Here are two things that I'd like to see Intel deliver with Cascade Lake-X when the processor family launches later this year. 

1. Better packaging/thermals

The Skylake-X processors were plagued by poor thermals, caused largely by the poor packaging that I mentioned above. This is a shame because the actual chips would've been capable of so much more had the packaging not held them back. 

To that end, I'd like to see Intel improve -- hopefully, substantially -- the packaging and ultimately thermal characteristics of Cascade Lake-X compared to Skylake-X. If Intel can do this, it'll have a much more appealing product for enthusiasts, and it should enjoy the added benefit of being able to run the chips at higher frequencies out of the box, which will improve the marketability of the chips. 

2. More cores for the money

With Skylake-X, Intel delivered a substantial increase in the number of processor cores it offered for the money. For some context, the prior-generation Broadwell-E chip came with up to 10 cores and cost $1,723. The top Skylake-X part comes with 18 cores for $1,999, each of which is superior to the ones found on Broadwell-E. The 10-core Skylake-X costs around $999. 

For Intel to dramatically improve the value proposition of Cascade Lake-X compared to Skylake-X, the company will need to further boost the number of cores it offers per dollar. 

The current Skylake-X lineup consists of six, eight, 10, 12, 14, 16, and 18 core models.
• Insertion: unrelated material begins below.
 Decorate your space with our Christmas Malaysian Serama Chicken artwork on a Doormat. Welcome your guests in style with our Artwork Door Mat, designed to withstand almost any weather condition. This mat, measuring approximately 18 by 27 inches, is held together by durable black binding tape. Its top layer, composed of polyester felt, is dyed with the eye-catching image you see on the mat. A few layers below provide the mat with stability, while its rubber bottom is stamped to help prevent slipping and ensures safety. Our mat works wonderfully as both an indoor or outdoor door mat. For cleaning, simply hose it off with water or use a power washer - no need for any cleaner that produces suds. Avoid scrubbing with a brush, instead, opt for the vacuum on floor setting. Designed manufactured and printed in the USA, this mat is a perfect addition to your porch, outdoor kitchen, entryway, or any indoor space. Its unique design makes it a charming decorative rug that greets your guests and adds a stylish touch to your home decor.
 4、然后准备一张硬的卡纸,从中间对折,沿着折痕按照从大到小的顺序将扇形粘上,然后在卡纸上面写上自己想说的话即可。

It would probably be prudent for Intel to eliminate the six-core model from the lineup entirely, and a case easily could be made for eliminating the eight-core model, as well, given that Intel will be bringing an eight-core Coffee Lake part to its cheaper mainstream desktop platforms.

If Intel were to offer the 10-core part at, say, $599, and then go up to, perhaps, $1,499 for the 18-core part, then the Cascade Lake-X lineup would be a lot more compelling than the current Skylake-X lineup. 

Foolish bottom line

Ultimately, Intel's high-end desktop parts make up a small part of its enthusiast desktop-processor shipments, but if the company can improve the value proposition of this line of products, more enthusiasts could choose the high-end desktop parts over the cheaper mainstream desktop parts.

Customers increasingly opting for high-end desktop parts would mean higher average selling prices -- which means revenue and profit for the company's personal computer chip business -- so it's in Intel's best interest to get aggressive here.